» DATA EXCERPT
__________________________________________________

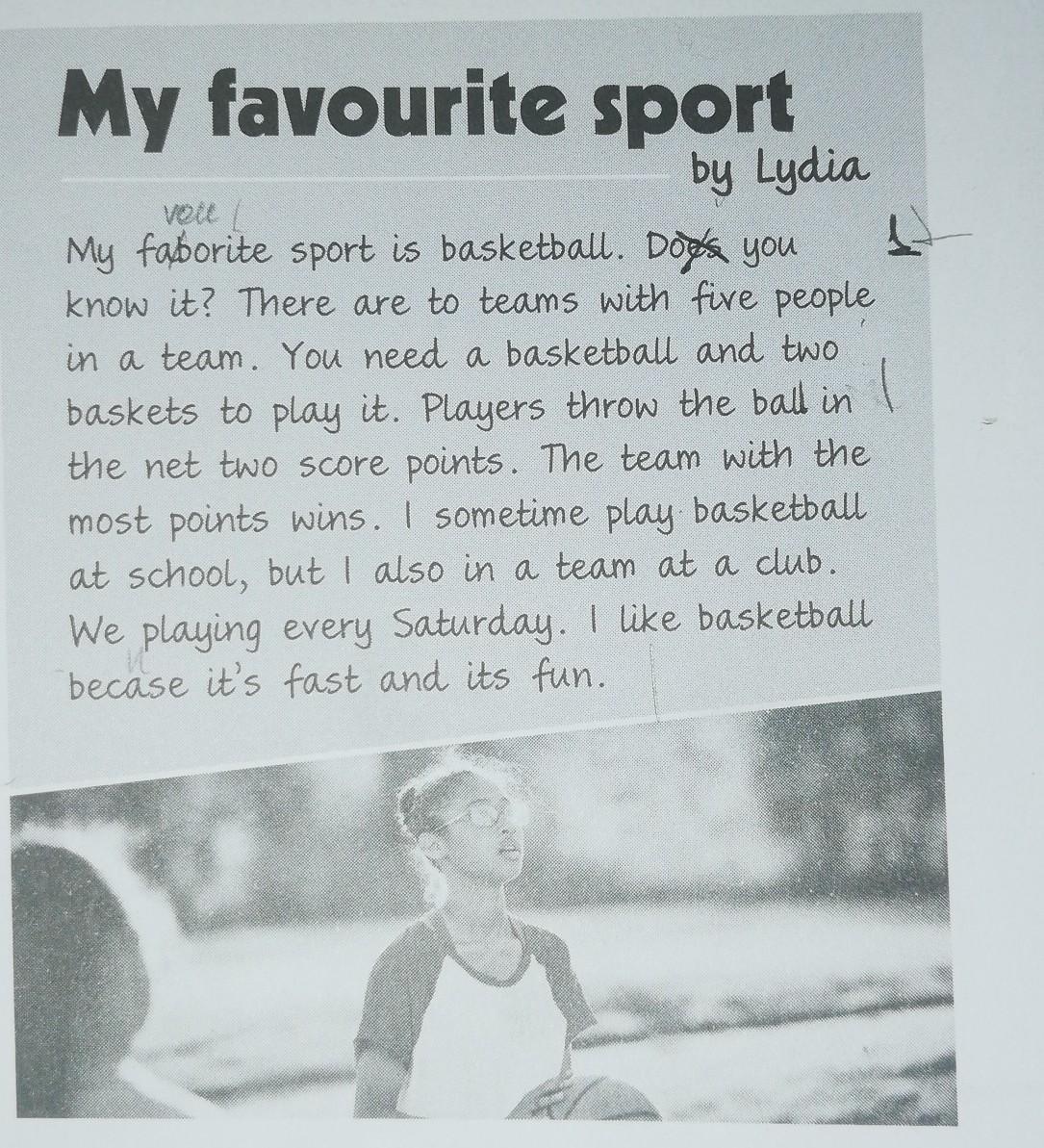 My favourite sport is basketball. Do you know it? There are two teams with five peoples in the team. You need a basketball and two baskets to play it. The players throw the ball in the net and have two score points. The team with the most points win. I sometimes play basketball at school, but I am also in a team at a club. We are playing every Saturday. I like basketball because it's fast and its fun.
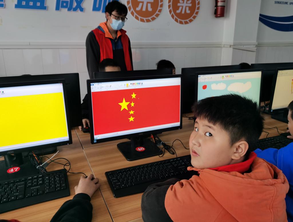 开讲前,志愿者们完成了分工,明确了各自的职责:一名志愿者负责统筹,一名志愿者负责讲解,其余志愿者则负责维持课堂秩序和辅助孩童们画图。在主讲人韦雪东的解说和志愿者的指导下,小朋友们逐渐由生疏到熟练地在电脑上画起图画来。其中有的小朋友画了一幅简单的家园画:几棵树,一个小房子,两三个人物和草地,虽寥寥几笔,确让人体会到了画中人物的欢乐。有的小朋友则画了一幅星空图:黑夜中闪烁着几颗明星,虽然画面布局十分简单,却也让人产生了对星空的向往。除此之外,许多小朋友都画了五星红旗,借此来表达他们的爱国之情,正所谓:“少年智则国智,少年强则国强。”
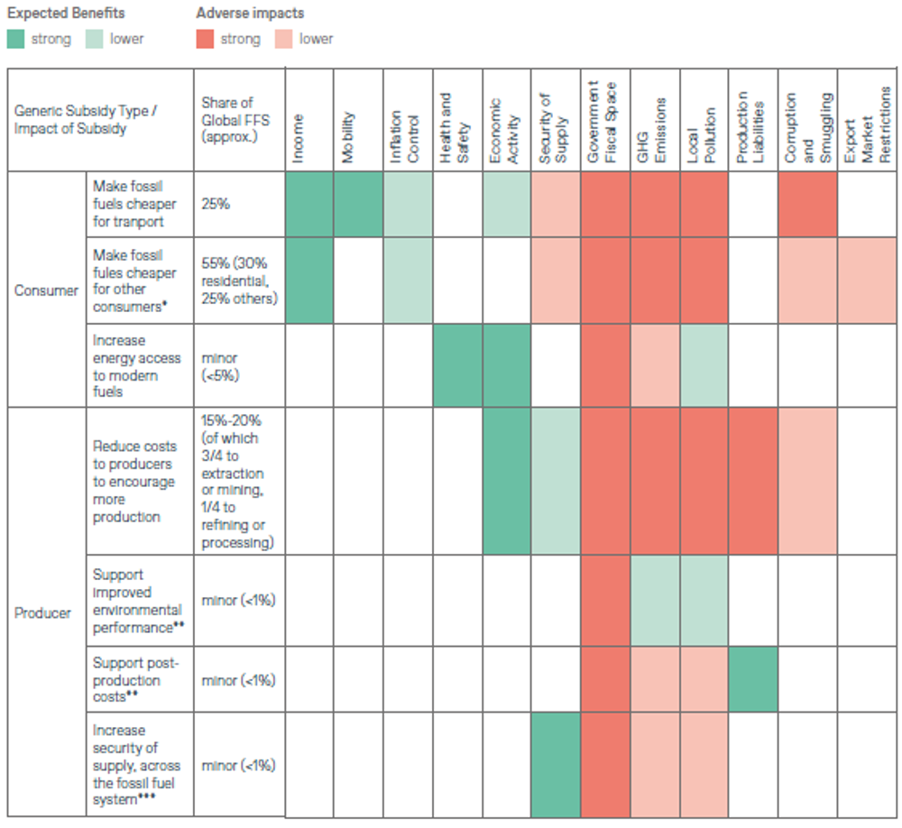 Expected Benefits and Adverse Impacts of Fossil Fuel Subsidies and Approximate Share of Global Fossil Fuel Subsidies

__________________________________________________

» TASK TO COMPLETE
What you return must match the data above exactly, with no images included.

» TASK SOLUTION
 My favourite sport is basketball. Do you know it? There are two teams with five peoples in the team. You need a basketball and two baskets to play it. The players throw the ball in the net and have two score points. The team with the most points win. I sometimes play basketball at school, but I am also in a team at a club. We are playing every Saturday. I like basketball because it's fast and its fun.
 开讲前,志愿者们完成了分工,明确了各自的职责:一名志愿者负责统筹,一名志愿者负责讲解,其余志愿者则负责维持课堂秩序和辅助孩童们画图。在主讲人韦雪东的解说和志愿者的指导下,小朋友们逐渐由生疏到熟练地在电脑上画起图画来。其中有的小朋友画了一幅简单的家园画:几棵树,一个小房子,两三个人物和草地,虽寥寥几笔,确让人体会到了画中人物的欢乐。有的小朋友则画了一幅星空图:黑夜中闪烁着几颗明星,虽然画面布局十分简单,却也让人产生了对星空的向往。除此之外,许多小朋友都画了五星红旗,借此来表达他们的爱国之情,正所谓:“少年智则国智,少年强则国强。”
 Expected Benefits and Adverse Impacts of Fossil Fuel Subsidies and Approximate Share of Global Fossil Fuel Subsidies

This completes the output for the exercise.